旅行するより滞在して住むことが好きだったりする。旅行に行っても本当は観光地よりスーパーに行きたい。人の生活に興味がある。いろいろなところに行きたい、住みたい。でもきっと私自身としては地方に長くずっと住むというよりも、滞在しながらもメインの拠点は都心のほうが合うんじゃないかなと感じている。

池袋は都心なのだけど、歴史や文化も地域のあたたかさも感じることができる地域だと知った。池袋には若者が集まる。でも地方から上京してきて、わからないことだらけで、孤独や不安を感じる人もたくさんいるはずだ。「東京はつまらない」という人が増えたけれど、私は「東京も面白い」「東京も捨てたもんじゃない」と日々思っている。若者がもっと来やすい形で文化や地域とのつながりを感じられる場所をつくりたいと最近は特に思って豊島区にコミットを増やしていっている。

私は池袋に「都心の“田舎”」のような場所を作っていきたいと思うようになった。
まずせっかくだから今働いているみらい館大明ブックカフェをもっと知ってもらって活用してもらいたい。今年から広報担当になったこともあり、教育機関との関係づくりをして連携を増やしていく予定。
たとえば専門学校の人の実習や展示に活用してもらえたら、利用者にも学生にもメリットになる。ゼミや授業で使ってもらえたら、ここがあることを知ってもらえる。

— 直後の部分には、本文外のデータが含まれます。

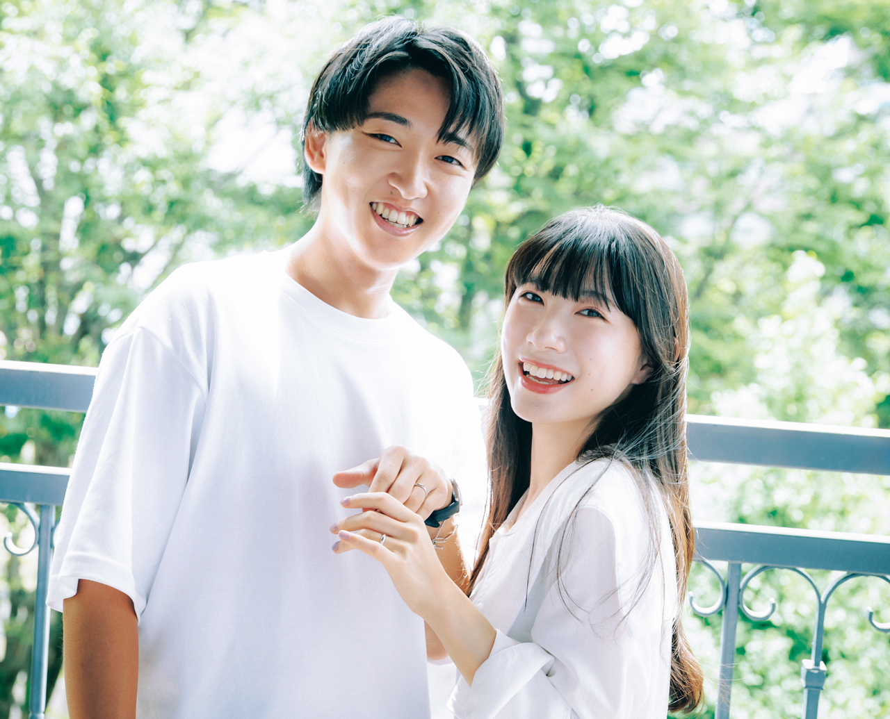 「〝日本一周企画〟を通じて、私たちは好きなことを仕事にする道を見つけることができました。そして絆も強く結ばれたんです。いつだって一緒に頑張って、6年以上の活動を通して公私ともにパートナーとして認められ、なんとなく〝このまま彼と一生を共に過ごすだろう〟って思っていた矢先、彼からハワイ旅行に誘われました。目的はホノルルマラソンに参加すること。走り切れるか不安でしたが、しっかり完走できて大喜び! ふたりでレストランに出かけてプチ祝賀会をし、ホテルに戻ると…なんと花束と指輪が! 旅行を絡めた彼らしいサプライズプロポーズは、実はかなり前から計画していてくれたみたい。断る理由はひとつもなく、おつきあいのときと同じく、すぐに『よろしくお願いします』と答えました♡
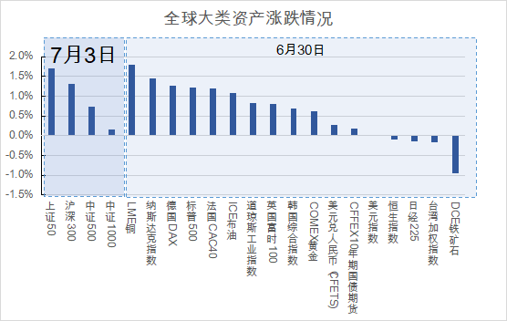 债市方面,本日10年期国债期货小幅收跌0.08%,但技术指标仍在改善。汇率方面,本日离岸人民币汇率大幅拉升,一度升至7.25附近,但随后回吐大部分涨幅。总的来看,当前人民币汇率的顶背离现象仍然存在,且被证实的可能性加大。海外方面,6月30日美股三大指数均收涨,印证了我们“顶背离带来的调整压力可能已经释放完毕”的观点。
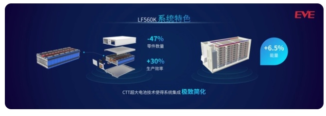 在系統(tǒng)集成的應用中,相較于LF280K電池,使用LF560K電池可減少電芯數(shù)量50%、簡化Pack零部件數(shù)量47%,提升生產(chǎn)效率30%。此外,通過簇級別尺寸的優(yōu)化,可提高集裝箱電量6.5%,適配行業(yè)標準集成方案,降低客戶使用成本。
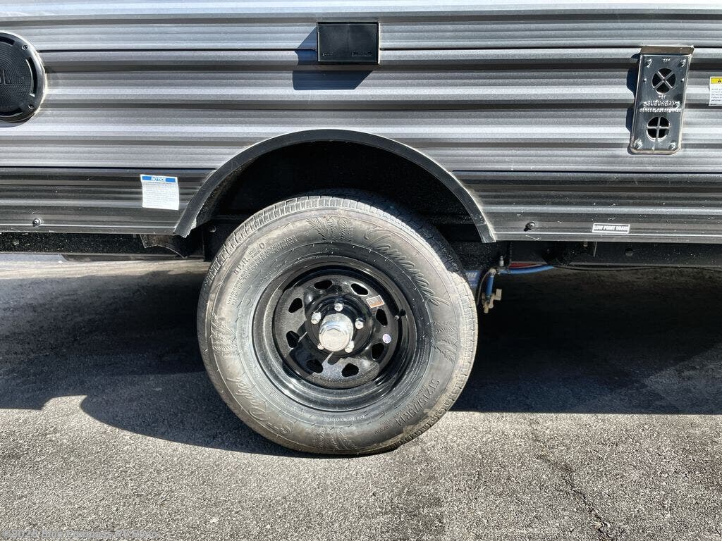 This cozy travel trailer can sleep five, so pack up and head out! You will have a queen bed up front to sleep on each night instead of an air mattress, and the little ones can take the 28" x 70" bunk beds! There is also a 60" sofa here that can sleep an additional guest and is perfect for relaxing during the day. The two burner cooktop and microwave oven means you won't have to cook over a campfire, and the private toilet and shower lets you clean up after a day outdoors. This model includes plenty of storage space, including bedroom storage, an exterior pass-through, plus additional outside storage beneath the bunks for hiking gear!
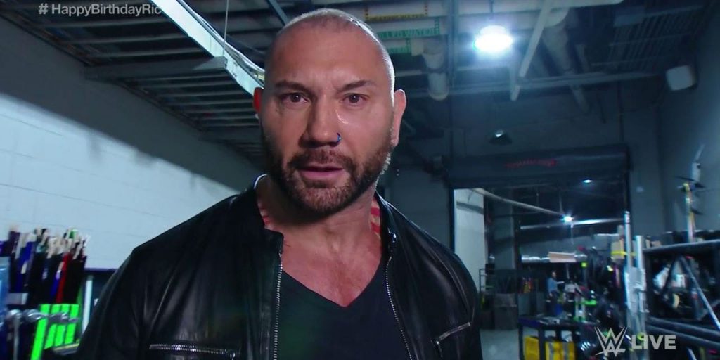 Multi-tiempo WWE El campeón y actor MCU Dave Bautista regresa sorprendentemente a la WWE Crudo, y procede a derrotar a Ric Flair en su 70 cumpleaños. Bautista, que lucha en la WWE simplemente como Batista, se hizo famoso por ser parte de la facción Evolución a principios de la década de 2000, junto a Triple H, Ric Flair y Randy Orton. Para el 2005, Bautista había activado el grupo, y pasó a derrotar a HHH por el campeonato mundial de peso pesado en WrestleMania XXI. Bautista siguió siendo un jugador del evento principal hasta que dejó WWE en 2010 después de perder una enemistad con John Cena.
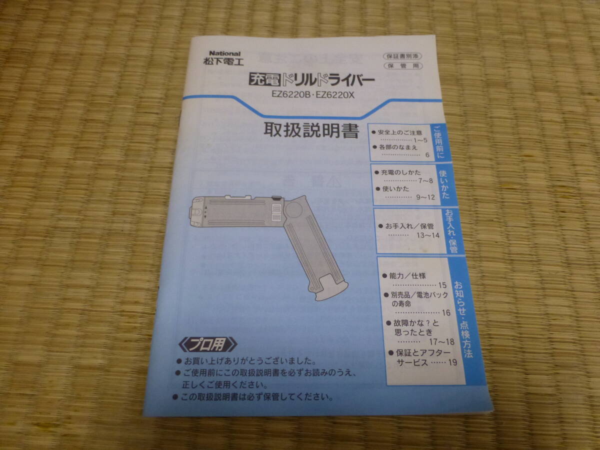 National 松下電工 充電ドリルドライバー 充電器付 EZ6220B、中古です。
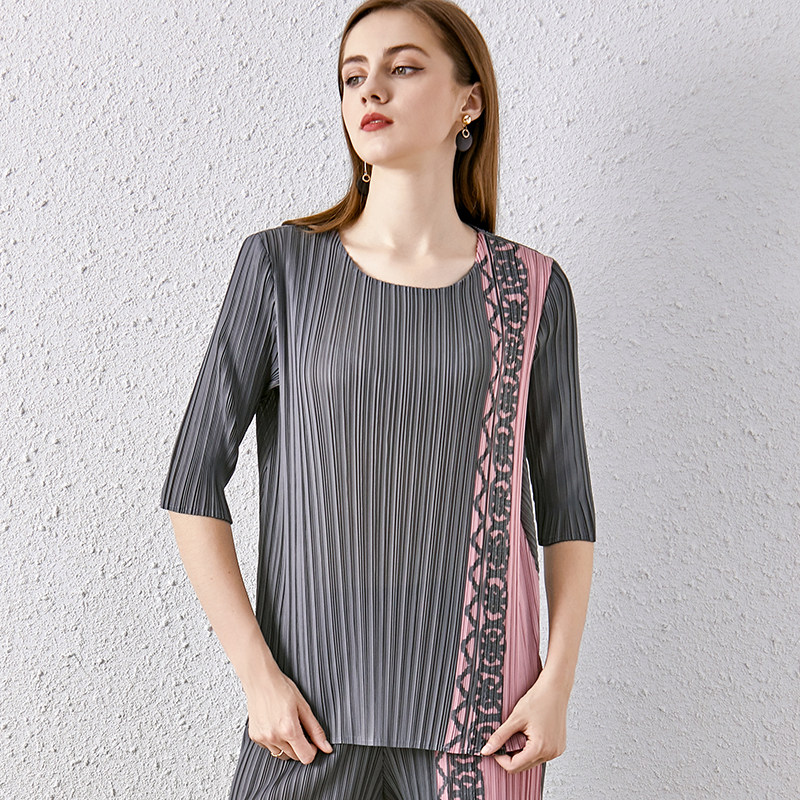中袖t恤女褶皱圆领侧边拼色弹力宽松套装衫中老年妈妈休闲上衣夏
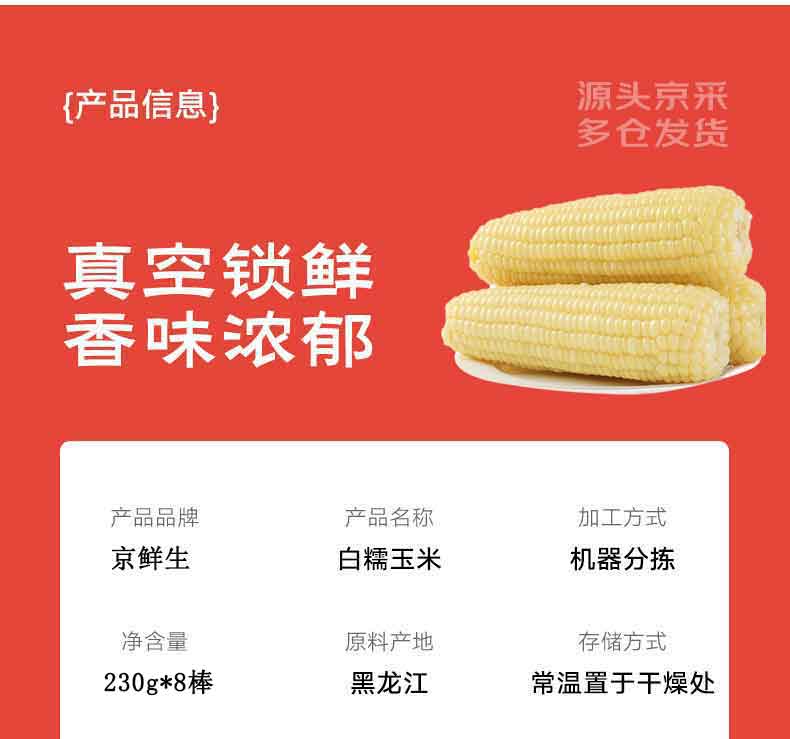 京鲜生 东北白糯玉米230g*8棒 新鲜甜糯玉米棒真空包装粘玉米 源头直发
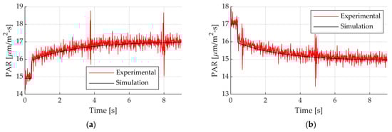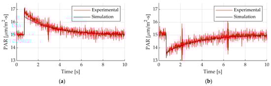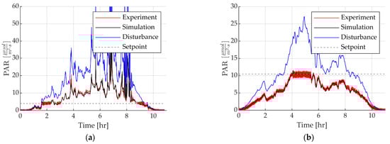 Simulation of in situ experiment conducted: (a) on a partly cloudy day with a setpoint of 4 PAR, recorded on 12 January 2025; (b) on an overcast day with a setpoint of 10.5 PAR, recorded on 11 February 2025.
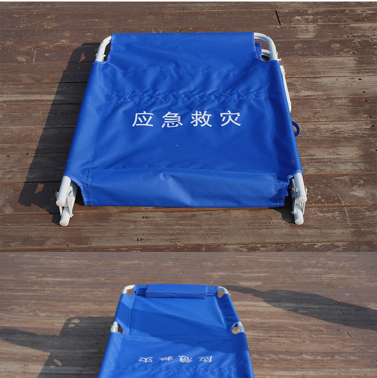 Pengyuan portátil acero y plástico civil cama de alivio de desastres azul plegable al aire libre multifuncional cama de marcha ligera cama de acompañante al por mayor
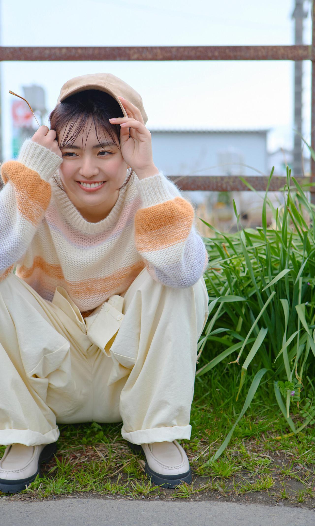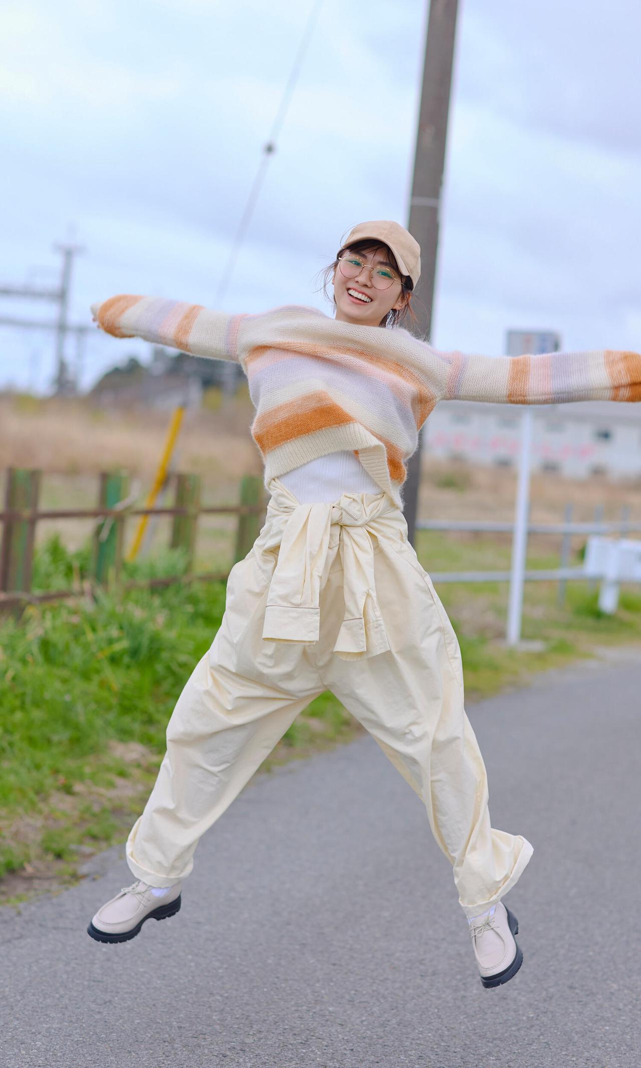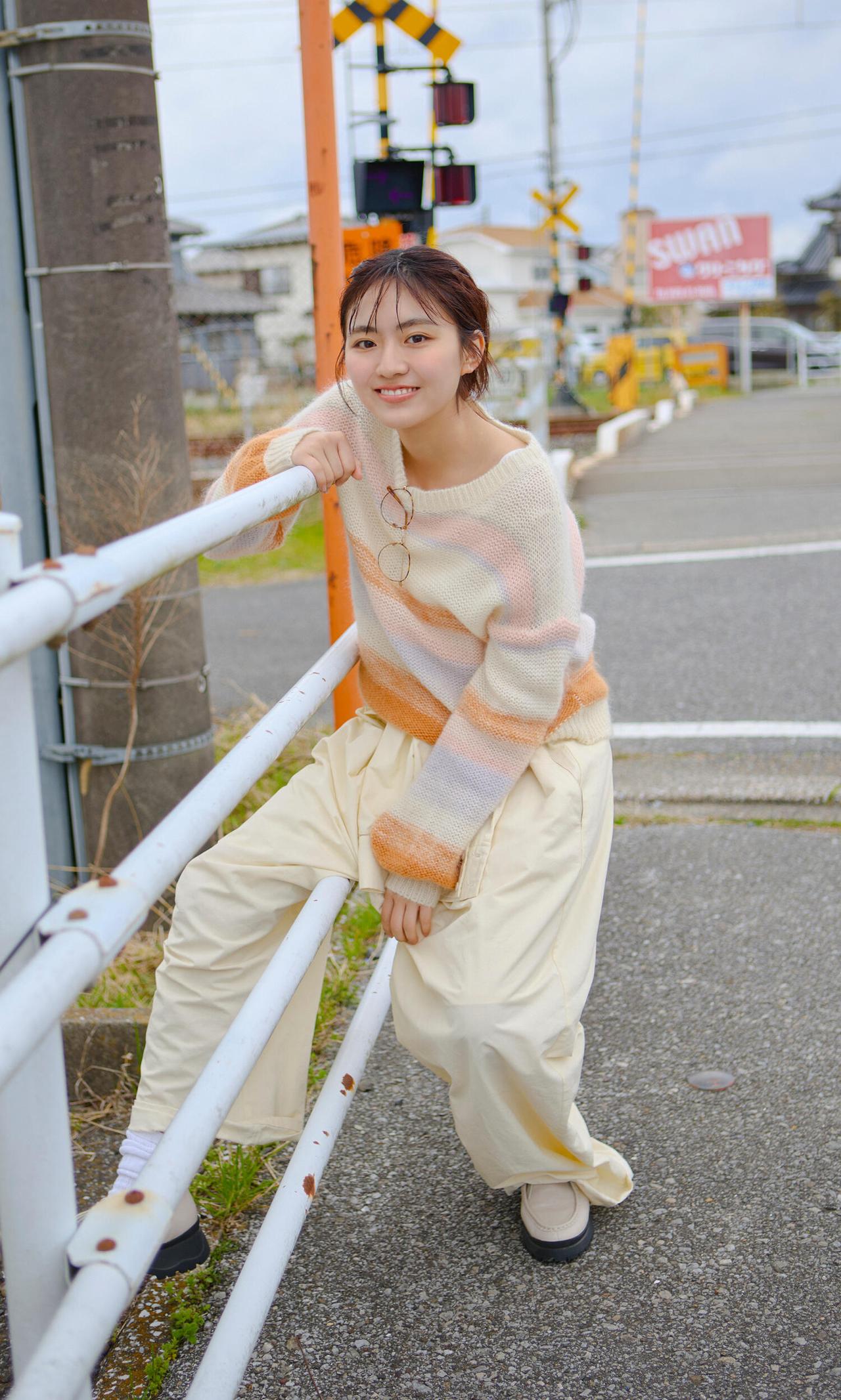 这姑娘戴眼镜,穿条纹毛衣,好可爱。
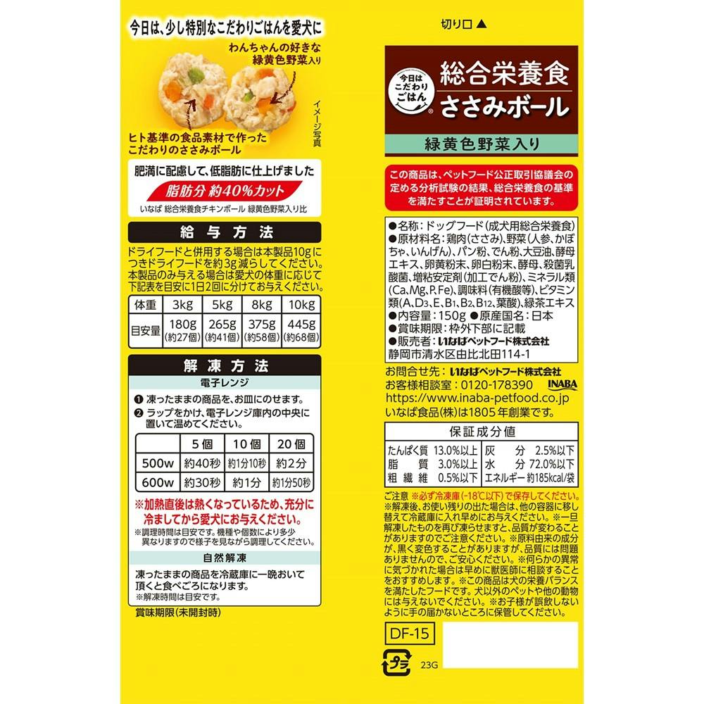(冷凍)いなば 今日はこだわりごはん 総合栄養食 ささみボール 緑黄色野菜入り 肥満に配慮低脂肪 150g【6個入り】 国産 DF-15B 4901133485541【別送品】
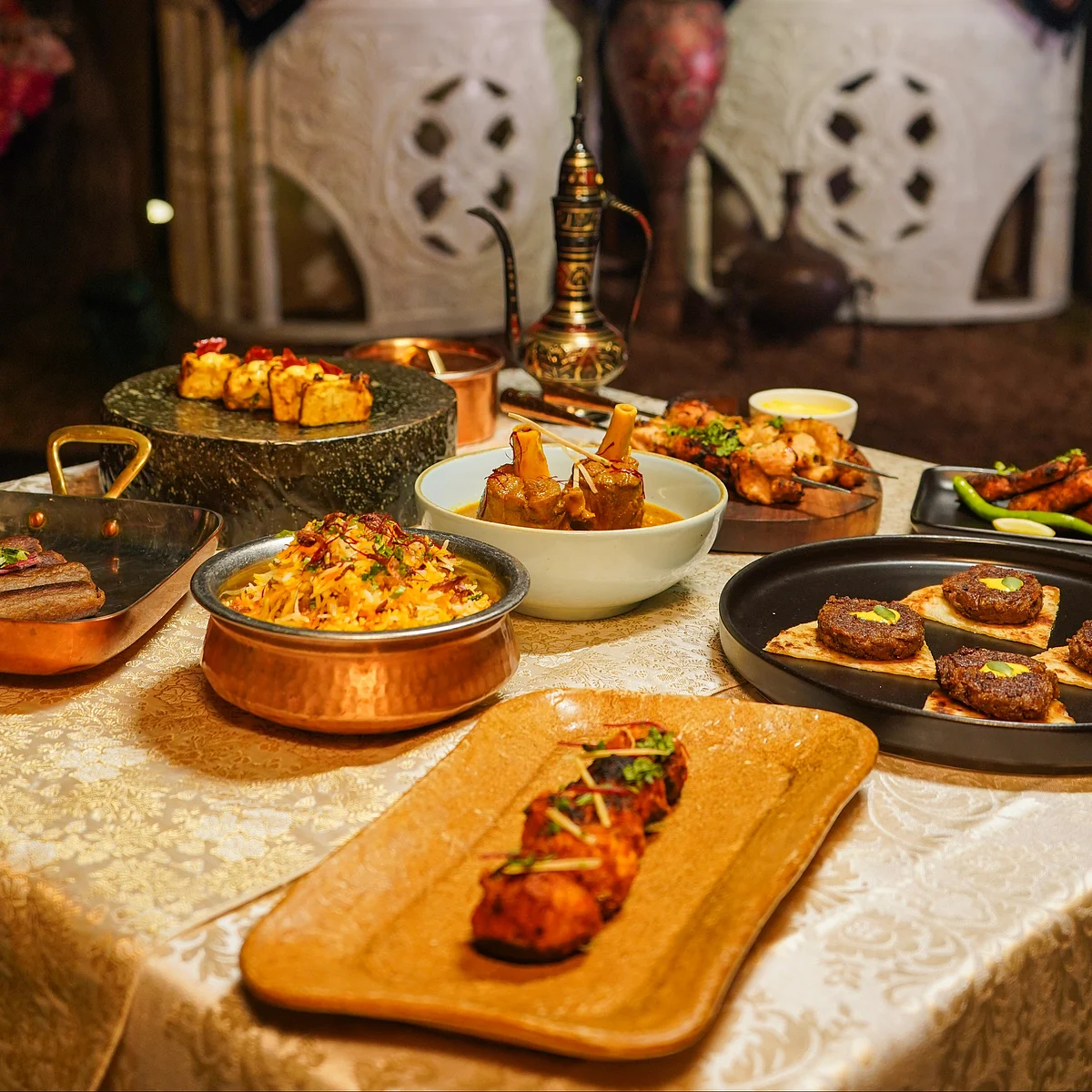 The Chef of the event has carefully curated a menu with three options falling under a single Awadhi umbrella. Each option promises a unique gastronomic experience. For the perusal of interested enthusiasts, Option 1 includes small plates such as the renowned galouti kebab and Murgh tikka hasano, along with soups like the Chaap shorba. The main course features Nehari gosht and Murgh Deegh biryani, accompanied by delectable bread choices like Gilafi kulcha. The sweet finale includes Double Roti Halwa, and the exquisite Rose chai and sheermal are perfect for refreshing your palate.

あと、自分では、例えば空き家を活用して、シェアハウスやゲストハウスの1Fにコワーキング兼居場所スペースのような場所を作って、地域の交流の場を作ったりしたい。イベントを開けるようにしたり、銭湯や地元のお店と提携して多世代で交流できる場になっていけたらいいなとか、そんなことも考えている。

今は1年前から池袋に隣接した板橋のシェアハウスに暮らしている。本当は南池袋の一軒家でシェアハウスをやってみたかったのだけど、入りたい物件が埋まってしまって自分の家の更新の期限が切れてしまったから、まずは業者管理のところに入った。今のところも気に入っているし、私がこれからどう変化するかもわからないけれど、ライフワークの1つとして、自分が心地よく、かつ人と居られる「余地のある場所」を作っていきたいなとずっと考えていて、書いてみた。